#### Work to be completed:
Beginning with the line that holds "Discover Casafina's organic-shaped" and ending with the last line below, repeat each line exactly, leaving any pictures out.

#### Provided data:

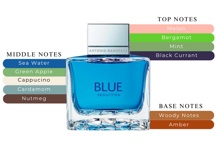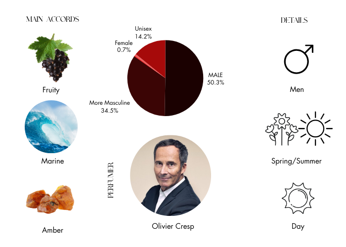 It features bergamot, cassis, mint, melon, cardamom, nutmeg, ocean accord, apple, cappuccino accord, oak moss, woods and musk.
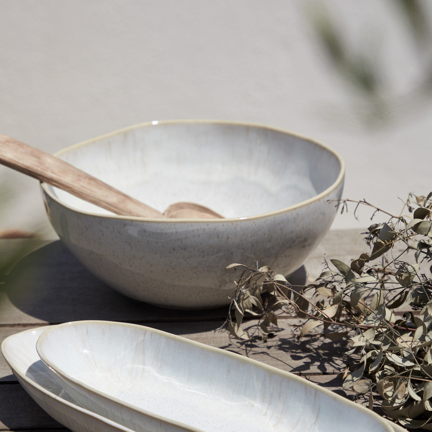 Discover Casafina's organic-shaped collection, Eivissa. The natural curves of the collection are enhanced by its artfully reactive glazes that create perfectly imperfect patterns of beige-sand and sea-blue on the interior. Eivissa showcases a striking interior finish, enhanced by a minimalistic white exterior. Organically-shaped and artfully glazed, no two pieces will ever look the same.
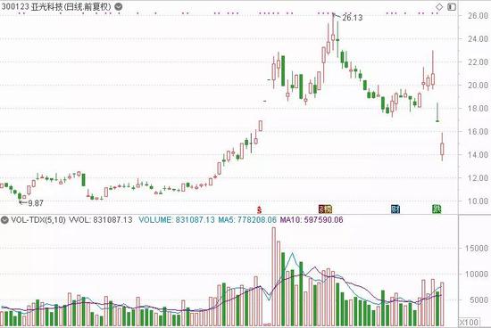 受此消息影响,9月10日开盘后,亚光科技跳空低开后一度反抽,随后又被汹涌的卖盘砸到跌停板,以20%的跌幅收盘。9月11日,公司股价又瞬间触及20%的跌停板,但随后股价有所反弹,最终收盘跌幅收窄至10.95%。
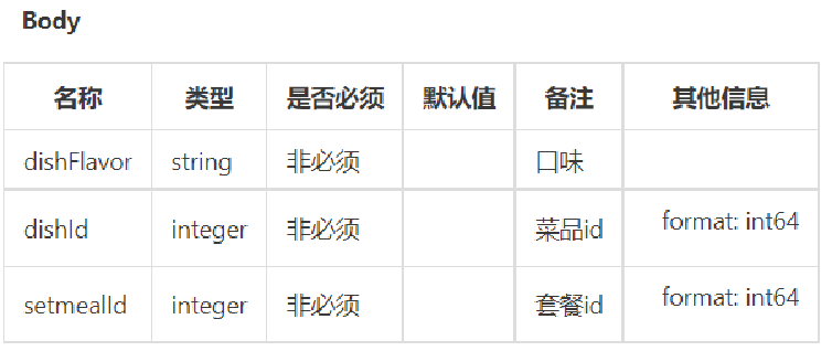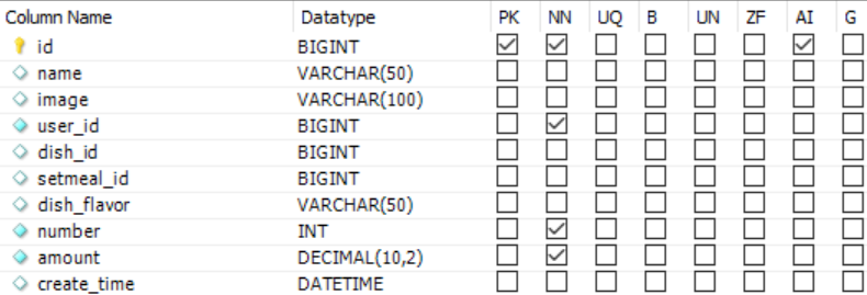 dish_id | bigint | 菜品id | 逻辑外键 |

#### Response for this exercise:
 Discover Casafina's organic-shaped collection, Eivissa. The natural curves of the collection are enhanced by its artfully reactive glazes that create perfectly imperfect patterns of beige-sand and sea-blue on the interior. Eivissa showcases a striking interior finish, enhanced by a minimalistic white exterior. Organically-shaped and artfully glazed, no two pieces will ever look the same.
 受此消息影响,9月10日开盘后,亚光科技跳空低开后一度反抽,随后又被汹涌的卖盘砸到跌停板,以20%的跌幅收盘。9月11日,公司股价又瞬间触及20%的跌停板,但随后股价有所反弹,最终收盘跌幅收窄至10.95%。
 dish_id | bigint | 菜品id | 逻辑外键 |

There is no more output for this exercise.